The Italians were a precarious people, never tested by the choices it had to make, whether at the time of the Reformation, the French Revolution, or later revolts; the melting pot had never resulted in a fusion. Now, in 1943, the choice was not between Brindisi—where the King had fled—and Mussolini’s lair in Desenzano. We had to decide whether to stay with the Italy we knew or work for its collapse: for an end to that Italy which had blurred the border between fascism and non-fascism, and would just have carried on doing so, without the war.

I don’t know how I came to the conclusion that it was the Communists who were most sure of what they were doing—or who told me, ‘But Banfi is a Communist’. I was so ignorant that I marched straight up to him, between classes. He was leaning against a radiator in the common-room, next to the window. ‘Someone said you are a Communist.’ He looked at me. I had taken two courses with him; he must have decided that I was what I seemed—someone in need of direction, who had no idea of the lethal import of what she had just said. ‘What are you looking for?’
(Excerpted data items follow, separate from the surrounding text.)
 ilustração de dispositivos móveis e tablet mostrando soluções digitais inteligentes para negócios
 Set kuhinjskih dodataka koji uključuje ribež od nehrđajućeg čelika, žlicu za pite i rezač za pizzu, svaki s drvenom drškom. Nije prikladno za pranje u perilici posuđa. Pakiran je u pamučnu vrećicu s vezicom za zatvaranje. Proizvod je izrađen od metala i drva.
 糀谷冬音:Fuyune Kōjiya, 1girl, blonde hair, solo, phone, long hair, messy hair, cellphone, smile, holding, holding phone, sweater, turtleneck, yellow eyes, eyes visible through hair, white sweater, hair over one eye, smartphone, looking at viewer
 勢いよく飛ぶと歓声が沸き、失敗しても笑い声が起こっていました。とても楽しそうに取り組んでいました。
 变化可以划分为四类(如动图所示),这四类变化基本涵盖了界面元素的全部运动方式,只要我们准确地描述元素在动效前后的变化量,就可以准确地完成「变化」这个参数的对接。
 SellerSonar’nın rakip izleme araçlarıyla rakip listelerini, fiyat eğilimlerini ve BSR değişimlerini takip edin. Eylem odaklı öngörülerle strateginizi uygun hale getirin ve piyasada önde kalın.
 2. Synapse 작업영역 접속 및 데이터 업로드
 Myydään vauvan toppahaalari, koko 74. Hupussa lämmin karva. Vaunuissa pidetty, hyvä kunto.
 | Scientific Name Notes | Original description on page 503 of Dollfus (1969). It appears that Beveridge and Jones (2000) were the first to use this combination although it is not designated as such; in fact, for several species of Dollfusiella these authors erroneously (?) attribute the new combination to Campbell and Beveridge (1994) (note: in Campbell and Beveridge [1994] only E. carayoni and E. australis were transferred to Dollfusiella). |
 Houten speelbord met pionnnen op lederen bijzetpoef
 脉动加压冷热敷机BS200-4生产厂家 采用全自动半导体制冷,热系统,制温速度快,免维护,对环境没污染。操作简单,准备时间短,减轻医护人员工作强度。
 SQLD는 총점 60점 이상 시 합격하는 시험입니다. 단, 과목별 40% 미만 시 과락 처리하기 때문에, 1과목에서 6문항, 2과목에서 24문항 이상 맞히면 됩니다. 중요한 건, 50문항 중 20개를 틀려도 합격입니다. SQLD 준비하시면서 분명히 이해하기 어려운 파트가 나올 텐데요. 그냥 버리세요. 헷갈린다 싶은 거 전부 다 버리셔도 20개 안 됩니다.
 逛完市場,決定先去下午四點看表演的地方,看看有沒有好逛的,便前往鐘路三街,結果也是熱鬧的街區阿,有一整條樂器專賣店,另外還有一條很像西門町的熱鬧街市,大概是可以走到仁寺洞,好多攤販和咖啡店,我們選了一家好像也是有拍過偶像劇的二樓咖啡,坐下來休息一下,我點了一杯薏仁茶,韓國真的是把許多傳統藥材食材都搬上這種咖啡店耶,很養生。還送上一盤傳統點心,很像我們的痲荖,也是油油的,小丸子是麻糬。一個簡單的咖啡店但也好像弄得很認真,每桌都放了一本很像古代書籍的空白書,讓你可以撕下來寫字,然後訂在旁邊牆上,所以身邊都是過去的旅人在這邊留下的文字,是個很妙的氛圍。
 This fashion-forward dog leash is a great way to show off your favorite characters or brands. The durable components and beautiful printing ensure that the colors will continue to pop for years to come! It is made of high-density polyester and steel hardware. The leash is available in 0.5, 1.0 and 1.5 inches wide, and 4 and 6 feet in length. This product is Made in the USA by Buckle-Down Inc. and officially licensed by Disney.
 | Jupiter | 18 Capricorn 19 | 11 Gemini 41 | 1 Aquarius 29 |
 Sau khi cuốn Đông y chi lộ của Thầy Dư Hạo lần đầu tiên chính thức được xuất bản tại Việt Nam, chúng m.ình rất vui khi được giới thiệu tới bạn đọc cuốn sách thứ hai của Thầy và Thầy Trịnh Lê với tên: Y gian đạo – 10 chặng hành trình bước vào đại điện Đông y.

I told him about the leaflets I’d seen, about being confused, not knowing. He got up from the radiator, went to the desk and wrote down a list in his tiny handwriting. ‘Read these books. Come back when you have done so.’ I ran to the railway station and opened the slip of paper on the train: Harold Laski, Liberty in the Modern State and Democracy in Crisis; Karl Marx, The Eighteenth Brumaire of Louis Bonaparte and The Class Struggles in France 1848–1850. A book by De Ruggiero, I think. Lenin, State and Revolution. ‘By S., anything you can find.’

I was astounded. He really was a Communist—a Bolshevik. The images from Spain came into my head. I got off the train at Como and went to the public library. There was a kindly, middle-aged librarian. I showed him the list. He pointed me towards an old filing cabinet. The bottom drawer was unmarked, as if it were empty. I pulled it open. Everything was there, even Das Kapital, an Avanti! edition with a red leather cover. Nothing by S.; the only work on the USSR was a travel book by an engineer. I filled out the forms and the librarian brought me the books. ‘May I take them home?’ He nodded.

The evening tram back to Olmeda was crowded with people going home after work. Next to me were three exhausted labourers, with coarsened hands and blackened fingers. They looked as if they had been drinking; their drooping heads jerked to each movement of the tram. It was with them that I would have to go. At home I read all through the night, the next day, and the next. From Laski I went on to The Eighteenth Brumaire, then State and Revolution. I ran a fever. Everything fell into place; it was not so much a discovery as an acceptance which I could no longer defer. It was the end of my well-ordered future, my praiseworthy ambition, my innocence.